• _Aim of the task_
Which lines in the records below contain the word "Murcia"? Return each of them.

• _Records shown_
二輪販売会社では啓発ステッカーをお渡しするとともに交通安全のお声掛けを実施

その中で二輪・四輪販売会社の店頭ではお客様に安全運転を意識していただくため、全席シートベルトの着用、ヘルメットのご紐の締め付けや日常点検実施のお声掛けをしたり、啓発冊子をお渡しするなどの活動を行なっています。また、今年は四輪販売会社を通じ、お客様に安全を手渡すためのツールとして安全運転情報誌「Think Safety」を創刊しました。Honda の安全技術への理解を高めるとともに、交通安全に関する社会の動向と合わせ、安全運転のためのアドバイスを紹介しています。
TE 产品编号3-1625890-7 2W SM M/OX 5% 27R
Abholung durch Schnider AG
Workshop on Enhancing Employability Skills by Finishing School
--
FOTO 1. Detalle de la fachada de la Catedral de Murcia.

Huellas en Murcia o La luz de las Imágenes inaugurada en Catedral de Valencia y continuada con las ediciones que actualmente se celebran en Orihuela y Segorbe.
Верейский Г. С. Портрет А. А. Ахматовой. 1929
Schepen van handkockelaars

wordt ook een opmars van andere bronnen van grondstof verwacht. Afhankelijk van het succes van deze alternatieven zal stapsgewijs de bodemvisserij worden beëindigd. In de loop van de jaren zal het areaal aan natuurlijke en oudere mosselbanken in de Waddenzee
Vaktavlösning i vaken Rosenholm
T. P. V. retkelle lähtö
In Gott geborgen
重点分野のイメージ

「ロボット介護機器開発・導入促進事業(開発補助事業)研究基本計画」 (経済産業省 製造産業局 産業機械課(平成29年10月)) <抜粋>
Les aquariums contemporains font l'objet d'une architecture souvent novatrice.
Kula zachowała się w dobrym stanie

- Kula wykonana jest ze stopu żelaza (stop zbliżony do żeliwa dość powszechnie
--
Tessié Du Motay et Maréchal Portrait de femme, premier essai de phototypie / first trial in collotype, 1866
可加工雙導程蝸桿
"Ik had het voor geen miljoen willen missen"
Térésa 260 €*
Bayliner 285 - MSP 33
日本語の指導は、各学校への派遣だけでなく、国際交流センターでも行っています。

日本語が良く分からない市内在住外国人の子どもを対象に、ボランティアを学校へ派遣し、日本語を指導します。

• _Response_
FOTO 1. Detalle de la fachada de la Catedral de Murcia.
Huellas en Murcia o La luz de las Imágenes inaugurada en Catedral de Valencia y continuada con las ediciones que actualmente se celebran en Orihuela y Segorbe.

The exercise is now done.